I recommend also checking out this interactive R ShinyApp website I created that includes further visualization along with a sortable and filterable table of the data that I used: https://dkhurjekar.shinyapps.io/spotify/

Image credit: talentedge.co.uk

Abstract

While music is an art of emotional and poetic expression, it is also inherently mathematical; a sequence of tones and/or words that follow certain patterns and are accompanied by a certain harmony and rhythm is what people call music. A dataset publicly available in Kaggle includes a variety of song attributes, with many being indexes that Spotify has created for their research and analytics. The following analytical study will first utilize tests and confidence intervals to understand the song data and learn how different categorical variables affect each other or affect quantitative variables. The focus will then shift to correlating song attributes, with the ultimate goal of making predictions about song popularity and danceability. Four important conclusions will be made in this study: songs in F# are likely more danceable than songs in C, decade and key appear to be associated, explicit songs are likely more danceable than clean songs, and one can predict average danceability from a given year.

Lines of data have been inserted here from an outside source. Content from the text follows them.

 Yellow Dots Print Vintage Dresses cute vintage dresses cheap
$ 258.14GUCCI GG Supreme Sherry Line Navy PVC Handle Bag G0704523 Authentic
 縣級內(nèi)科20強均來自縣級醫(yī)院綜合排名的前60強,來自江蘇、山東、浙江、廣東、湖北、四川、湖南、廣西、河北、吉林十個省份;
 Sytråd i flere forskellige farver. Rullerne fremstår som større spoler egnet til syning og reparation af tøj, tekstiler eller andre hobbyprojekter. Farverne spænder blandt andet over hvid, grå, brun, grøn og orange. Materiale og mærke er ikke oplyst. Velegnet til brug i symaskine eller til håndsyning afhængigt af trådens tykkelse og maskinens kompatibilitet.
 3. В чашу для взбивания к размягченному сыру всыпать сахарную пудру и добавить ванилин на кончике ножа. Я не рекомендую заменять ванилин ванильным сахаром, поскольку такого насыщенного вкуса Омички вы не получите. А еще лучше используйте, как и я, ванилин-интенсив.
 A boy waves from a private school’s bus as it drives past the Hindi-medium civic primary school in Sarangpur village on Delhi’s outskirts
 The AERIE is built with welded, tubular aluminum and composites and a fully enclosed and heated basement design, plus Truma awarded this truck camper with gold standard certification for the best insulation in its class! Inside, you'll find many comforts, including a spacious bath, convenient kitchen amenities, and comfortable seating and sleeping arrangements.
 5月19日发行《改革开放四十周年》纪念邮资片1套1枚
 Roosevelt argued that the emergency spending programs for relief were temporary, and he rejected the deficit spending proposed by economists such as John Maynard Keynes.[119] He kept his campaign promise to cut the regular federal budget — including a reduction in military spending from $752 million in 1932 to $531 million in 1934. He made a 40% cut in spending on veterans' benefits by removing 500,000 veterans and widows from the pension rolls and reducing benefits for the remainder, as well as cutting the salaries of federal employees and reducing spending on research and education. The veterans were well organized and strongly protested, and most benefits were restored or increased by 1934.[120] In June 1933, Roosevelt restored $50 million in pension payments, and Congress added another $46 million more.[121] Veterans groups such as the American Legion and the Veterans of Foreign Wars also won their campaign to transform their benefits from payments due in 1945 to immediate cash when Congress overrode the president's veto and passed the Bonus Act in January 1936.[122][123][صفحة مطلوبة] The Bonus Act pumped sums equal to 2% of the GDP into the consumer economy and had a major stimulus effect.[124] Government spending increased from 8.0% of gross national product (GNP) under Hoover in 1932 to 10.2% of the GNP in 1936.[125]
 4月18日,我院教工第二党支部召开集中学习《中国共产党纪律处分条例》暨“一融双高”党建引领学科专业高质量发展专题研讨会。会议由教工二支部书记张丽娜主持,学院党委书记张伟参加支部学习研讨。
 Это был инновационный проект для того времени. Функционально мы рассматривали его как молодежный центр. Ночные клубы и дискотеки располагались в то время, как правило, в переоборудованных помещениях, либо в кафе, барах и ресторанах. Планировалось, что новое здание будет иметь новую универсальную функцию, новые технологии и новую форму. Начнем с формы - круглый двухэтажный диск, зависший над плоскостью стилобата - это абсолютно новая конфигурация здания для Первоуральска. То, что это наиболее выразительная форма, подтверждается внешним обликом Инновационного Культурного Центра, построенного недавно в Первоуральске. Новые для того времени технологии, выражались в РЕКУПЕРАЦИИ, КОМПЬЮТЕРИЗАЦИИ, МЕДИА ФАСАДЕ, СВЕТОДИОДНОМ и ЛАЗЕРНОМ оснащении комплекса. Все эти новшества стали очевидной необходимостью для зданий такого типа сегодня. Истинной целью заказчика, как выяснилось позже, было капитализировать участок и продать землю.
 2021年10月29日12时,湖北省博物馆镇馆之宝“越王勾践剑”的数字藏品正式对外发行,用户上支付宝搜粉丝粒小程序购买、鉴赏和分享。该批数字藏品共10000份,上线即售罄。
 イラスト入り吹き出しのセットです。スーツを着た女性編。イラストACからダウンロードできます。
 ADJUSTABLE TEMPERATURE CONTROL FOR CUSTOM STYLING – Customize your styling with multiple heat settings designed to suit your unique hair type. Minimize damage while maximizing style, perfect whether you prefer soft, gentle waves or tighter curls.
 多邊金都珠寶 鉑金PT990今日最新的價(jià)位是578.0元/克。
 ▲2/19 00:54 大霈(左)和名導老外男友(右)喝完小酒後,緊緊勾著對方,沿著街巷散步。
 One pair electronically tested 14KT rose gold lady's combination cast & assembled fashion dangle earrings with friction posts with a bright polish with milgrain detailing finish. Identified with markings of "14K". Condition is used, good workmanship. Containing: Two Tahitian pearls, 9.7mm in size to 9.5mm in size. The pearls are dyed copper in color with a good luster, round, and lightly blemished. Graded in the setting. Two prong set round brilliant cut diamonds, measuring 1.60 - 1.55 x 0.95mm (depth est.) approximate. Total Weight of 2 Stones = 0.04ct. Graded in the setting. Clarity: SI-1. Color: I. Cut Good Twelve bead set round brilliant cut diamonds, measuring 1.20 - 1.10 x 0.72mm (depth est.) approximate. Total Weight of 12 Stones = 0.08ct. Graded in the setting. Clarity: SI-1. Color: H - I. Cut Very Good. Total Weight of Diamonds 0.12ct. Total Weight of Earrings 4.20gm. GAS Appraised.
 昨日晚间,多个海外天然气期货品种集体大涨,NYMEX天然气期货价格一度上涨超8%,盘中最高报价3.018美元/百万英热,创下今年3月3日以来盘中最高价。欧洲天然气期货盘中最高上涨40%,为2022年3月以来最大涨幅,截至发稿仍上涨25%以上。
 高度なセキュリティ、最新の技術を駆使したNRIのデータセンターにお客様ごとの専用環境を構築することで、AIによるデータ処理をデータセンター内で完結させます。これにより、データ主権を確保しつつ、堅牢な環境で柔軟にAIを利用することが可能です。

1. Utilizing Tests & Confidence Intervals to Understand the Data

Before getting into the tests and comparative techniques to explore the song data, it is essential to define and describe the key variables around which this study will center. One binary variable will be used in this study: explicitness (songs are either ‘explicit’ or ‘clean’). The categorical variables of interest include decade (ranges from 20s to 10s and includes the years 2020–21) and key (0 = C, 1 = C#… 11 = B). Tables of the binary and categorical variables are shown below:

The dataset also includes several quantitative variables: danceability (an index created by Spotify using tempo, beat, and other variables to measure how easily one can dance to a given song; no danceability = 0 and ranges continuously to high danceability, which = 1), tempo (beats per minute), and loudness (the overall loudness in decibels and that ranges continuously from -60.00 dB to a sample max of 3.855 dB). Some summary statistics of these quantitative variables are shown here:

The standard deviations of danceability, popularity, and loudness respectively are 0.1760, 5.6916, and 0.1708.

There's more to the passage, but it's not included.